Supplied records:

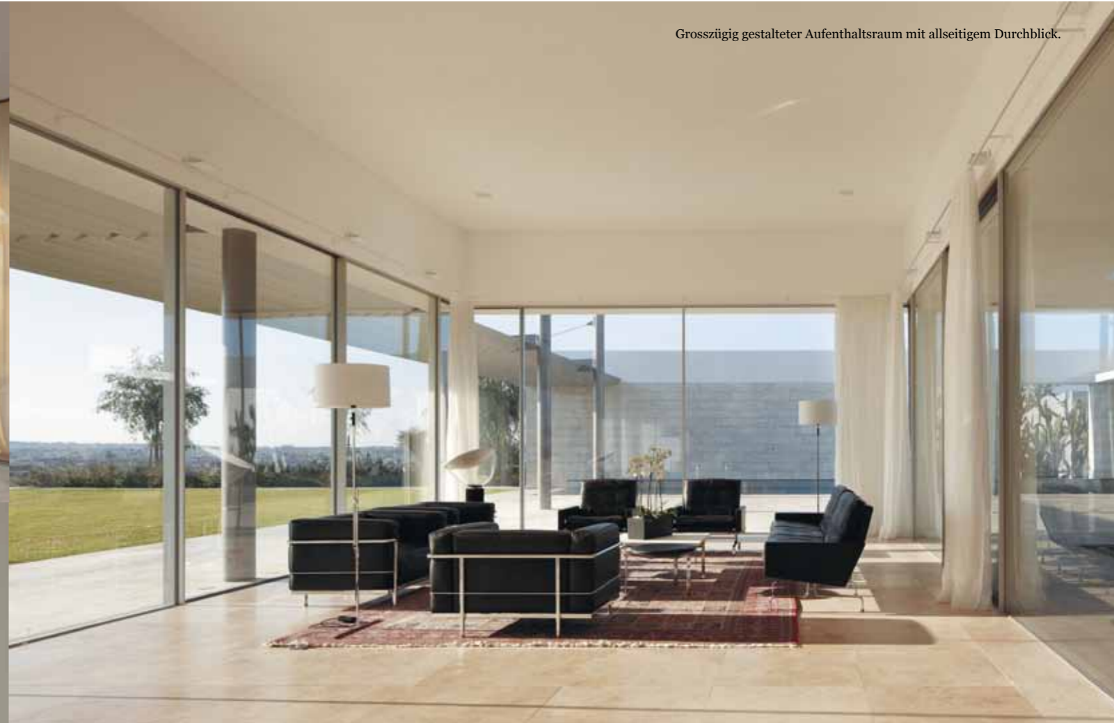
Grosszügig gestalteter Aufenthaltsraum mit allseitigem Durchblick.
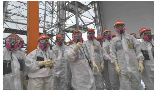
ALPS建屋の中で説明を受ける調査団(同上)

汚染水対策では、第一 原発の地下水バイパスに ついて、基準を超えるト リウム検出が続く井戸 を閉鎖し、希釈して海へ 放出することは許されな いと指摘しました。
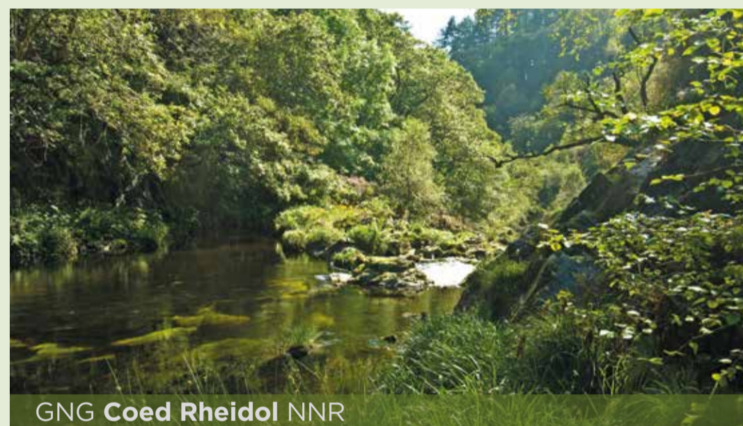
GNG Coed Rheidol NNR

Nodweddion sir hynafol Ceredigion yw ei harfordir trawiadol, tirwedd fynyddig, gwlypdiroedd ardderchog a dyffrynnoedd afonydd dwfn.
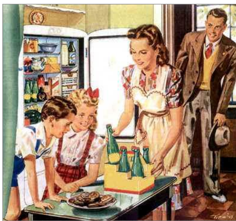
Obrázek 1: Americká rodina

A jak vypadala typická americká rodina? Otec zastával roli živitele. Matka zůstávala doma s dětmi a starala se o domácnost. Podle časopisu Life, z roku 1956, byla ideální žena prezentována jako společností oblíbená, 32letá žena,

---

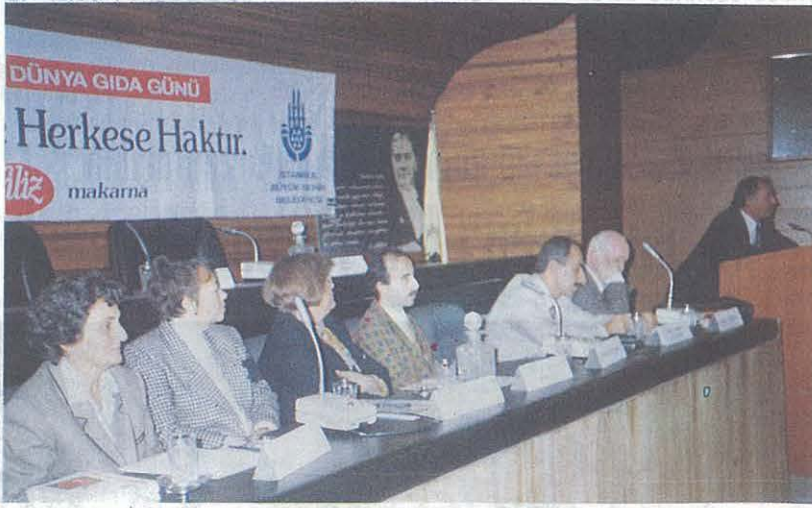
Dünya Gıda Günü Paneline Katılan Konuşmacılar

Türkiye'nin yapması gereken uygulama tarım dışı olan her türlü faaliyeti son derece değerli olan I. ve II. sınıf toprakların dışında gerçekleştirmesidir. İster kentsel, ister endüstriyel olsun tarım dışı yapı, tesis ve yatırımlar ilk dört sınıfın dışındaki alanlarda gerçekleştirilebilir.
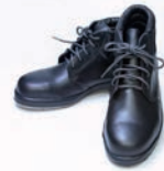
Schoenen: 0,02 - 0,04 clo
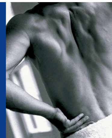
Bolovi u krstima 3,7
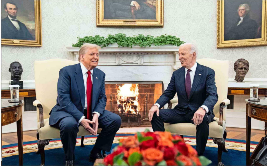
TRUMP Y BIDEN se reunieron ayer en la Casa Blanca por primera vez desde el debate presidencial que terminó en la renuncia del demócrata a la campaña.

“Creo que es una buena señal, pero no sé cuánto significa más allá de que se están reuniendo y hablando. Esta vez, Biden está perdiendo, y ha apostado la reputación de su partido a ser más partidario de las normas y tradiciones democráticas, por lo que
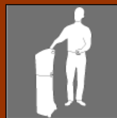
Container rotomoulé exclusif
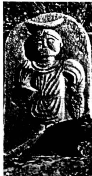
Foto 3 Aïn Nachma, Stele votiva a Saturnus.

==

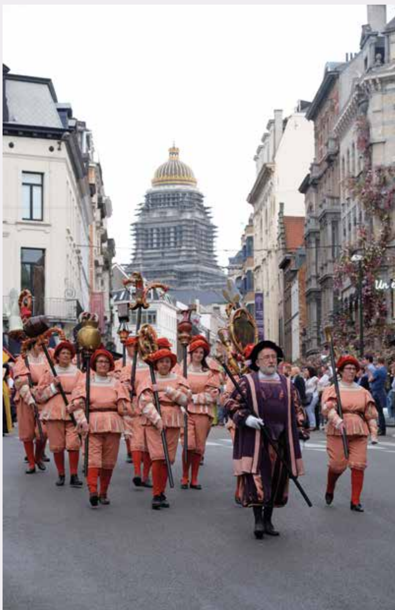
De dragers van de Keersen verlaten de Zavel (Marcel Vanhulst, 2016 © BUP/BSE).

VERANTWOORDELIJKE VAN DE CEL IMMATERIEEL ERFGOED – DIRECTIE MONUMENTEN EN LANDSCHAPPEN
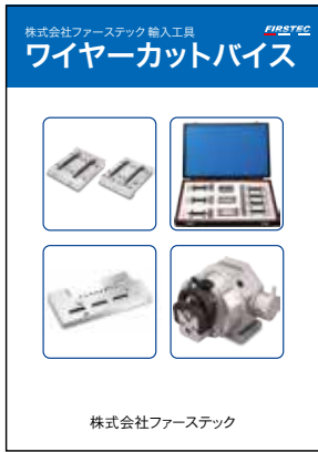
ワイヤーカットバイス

To do: Identify the lines of the data that contain the word "rodina". Copy each of them.

Task response:
Obrázek 1: Americká rodina
A jak vypadala typická americká rodina? Otec zastával roli živitele. Matka zůstávala doma s dětmi a starala se o domácnost. Podle časopisu Life, z roku 1956, byla ideální žena prezentována jako společností oblíbená, 32letá žena,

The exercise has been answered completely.